SUPPLIED DATA Start Marker

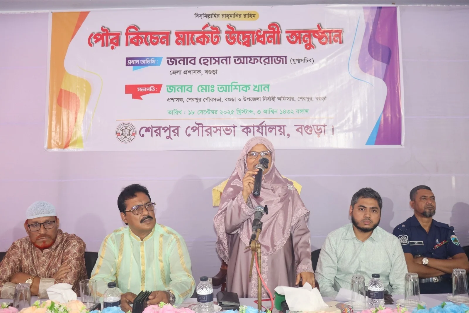 বগুড়ার শেরপুর পৌরসভার বহুল প্রতীক্ষিত কিচেন মার্কেটের আনুষ্ঠানিক উদ্বোধন হয়েছে। বৃহস্পতিবার (১৮ সেপ্টেম্বর) সকালে পৌর শহরের বৈকাল বাজারে নির্মিত এ কিচেন মার্কেটের উদ্বোধন করেন বগুড়া জেলা প্রশাসক হোসনা আফরোজা।
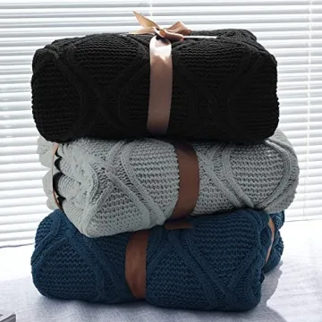 Longhui bedding Grey Chenille Cable Knit Sherpa Throw Blanket – Thick, Soft, Big, Cozy Gray Knitted Fleece Blankets for Couch, Sofa, Bed – Large 51 x 63 Inches Coverlet All Season
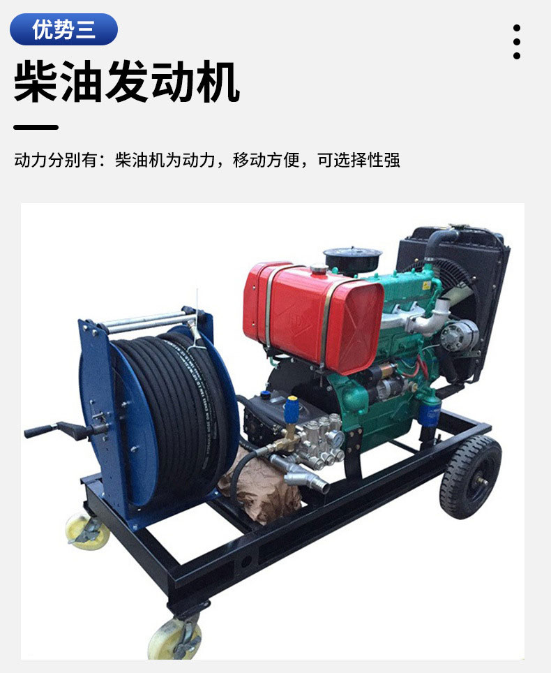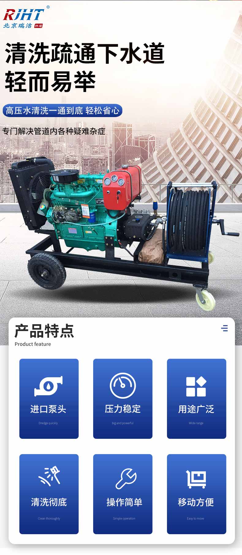 RJHT-800型 41馬力柴油機(jī)驅(qū)動(dòng)的大流量高壓管道疏通清洗機(jī),采用意大利進(jìn)口高壓泵,壓力調(diào)節(jié)裝置、不銹鋼壓力表和精密過(guò)濾器等多種安全防護(hù)裝置,具有安全性高,使用操作穩(wěn)定等優(yōu)點(diǎn)。

SUPPLIED DATA End Marker

Set down the data again, exactly, without images.

 বগুড়ার শেরপুর পৌরসভার বহুল প্রতীক্ষিত কিচেন মার্কেটের আনুষ্ঠানিক উদ্বোধন হয়েছে। বৃহস্পতিবার (১৮ সেপ্টেম্বর) সকালে পৌর শহরের বৈকাল বাজারে নির্মিত এ কিচেন মার্কেটের উদ্বোধন করেন বগুড়া জেলা প্রশাসক হোসনা আফরোজা।
 Longhui bedding Grey Chenille Cable Knit Sherpa Throw Blanket – Thick, Soft, Big, Cozy Gray Knitted Fleece Blankets for Couch, Sofa, Bed – Large 51 x 63 Inches Coverlet All Season
 RJHT-800型 41馬力柴油機(jī)驅(qū)動(dòng)的大流量高壓管道疏通清洗機(jī),采用意大利進(jìn)口高壓泵,壓力調(diào)節(jié)裝置、不銹鋼壓力表和精密過(guò)濾器等多種安全防護(hù)裝置,具有安全性高,使用操作穩(wěn)定等優(yōu)點(diǎn)。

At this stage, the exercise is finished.